L'e-ID pouvant donc être considérée comme un outil supplémentaire, il ne faut pas s'attendre à un changement radical de système. On envisage plutôt un scénario hybride qui combinerait les atouts des deux mondes:

  1. Intégration sécurisée: l'e-ID pourrait à l'avenir être utilisée pour simplifier et sécuriser la création d'identités éducatives (par ex., l'entrée dans une nouvelle école) sans qu'il soit nécessaire de présenter une pièce d'identité physique.
  2. Justificatifs vérifiables: les établissements de formation pourraient utiliser l'infrastructure de confiance de l'État pour agir en tant qu'émetteurs fiables. Un certificat ne serait alors plus seulement un fichier PDF, mais serait également disponible sous la forme d'un enregistrement infalsifiable qu'une personne pourrait utiliser tout au long de sa vie.
    Pour plus d'informations, voir Certificat de maturité sous forme de justificatif numérique.
  3. Connectivité internationale: la Suisse visant à adopter des normes compatibles avec le portefeuille européen EUDI, il est possible qu'à l'avenir, les diplômes suisses puissent être présentés de manière numérique à l'échelle internationale. 
     

Conclusion: façonner les identités

L'introduction de l'e-ID n'est pas une nécessité technique qui concurrence les solutions existantes telles qu'Edulog ou Switch edu-ID. Il s'agit plutôt d'une invitation lancée à l’espace de la formation à repenser la gestion des identités: passer d'une simple gestion des accès à un écosystème centré sur l'utilisateur, dans lequel la «clé» d'accès et le «portefeuille» permettant de naviguer dans le paysage éducatif s'imbriquent de manière transparente. Outre les avantages pour les individus, les institutions peuvent également bénéficier d'une multitude d'avantages. Les processus existants peuvent être simplifiés, voire automatisés.

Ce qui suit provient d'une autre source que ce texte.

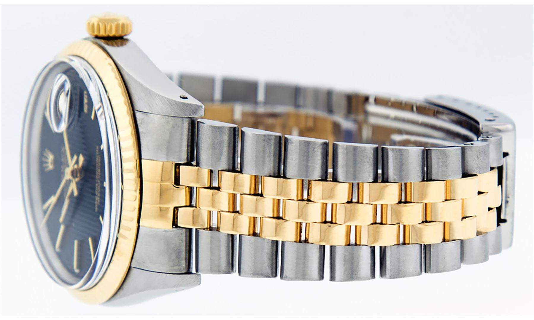 One Mens 14K Yellow Gold Two Tone Rolex Datejust Polished, Serviced & Electronically Tested, 14K Yellow Gold & Stainless Steel Case: 36mm,14K Yellow Gold Crown, Bezel: 14K Yellow Gold Fluted Bezel. Custom Crystal: New Acrylic Cyclops Lens. Custom Hands: New Luminecent Hands. Movement: Automatic Winding Movement Caliber 3035. Dial: Black Tapestry Dial With Index Hour Markers and Small Track With Lumi Dots. Date Window: 3 O'Clock Position Date Display, Quickset, Model: Datejust. Condition: G-6 Extra Fine. Bracelet: Two Tone 14K Yellow Gold & Stainless Steel Jubilee Band. Bright Polish. 7.0 Inch Length, Adjustable. Standard Clasp, With Rolex Logo. This Watch Has Been Serviced Time Tested And Is In Excellent Condition It Is Free Of All Scratches And Dents. This Watch Comes With A Rolex Box.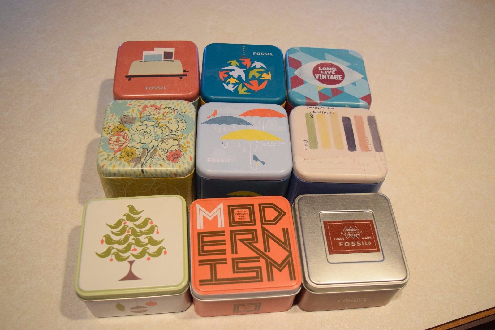 Title (ebay affiliate link): Lot Of 9 Fossil Watch Collectible Tins Boxes ONLY pre-owned condition

Il convient toutefois de veiller à ce que ces possibilités soient utilisées de manière appropriée et adaptée à l'âge. Si les cas d'utilisation de l'identité de base et des justificatifs numériques sont plutôt rares au niveau primaire, ils deviennent de plus en plus fréquents à mesure que le parcours éducatif progresse. En outre, il est prévu que la participation analogique aux processus et les justificatifs analogiques restent possibles. Cela découle d'une part du caractère volontaire de l'e-ID en soi et du fait que les enfants et les jeunes ne disposent de plus en plus de documents d'identité (électroniques) qu'avec l'âge. À cela s'ajoutent des préférences formelles, car en fin de compte, un diplôme classique encadré accroché au mur est plus esthétique que le texte source imprimé d’un justificatif numérique vérifiable.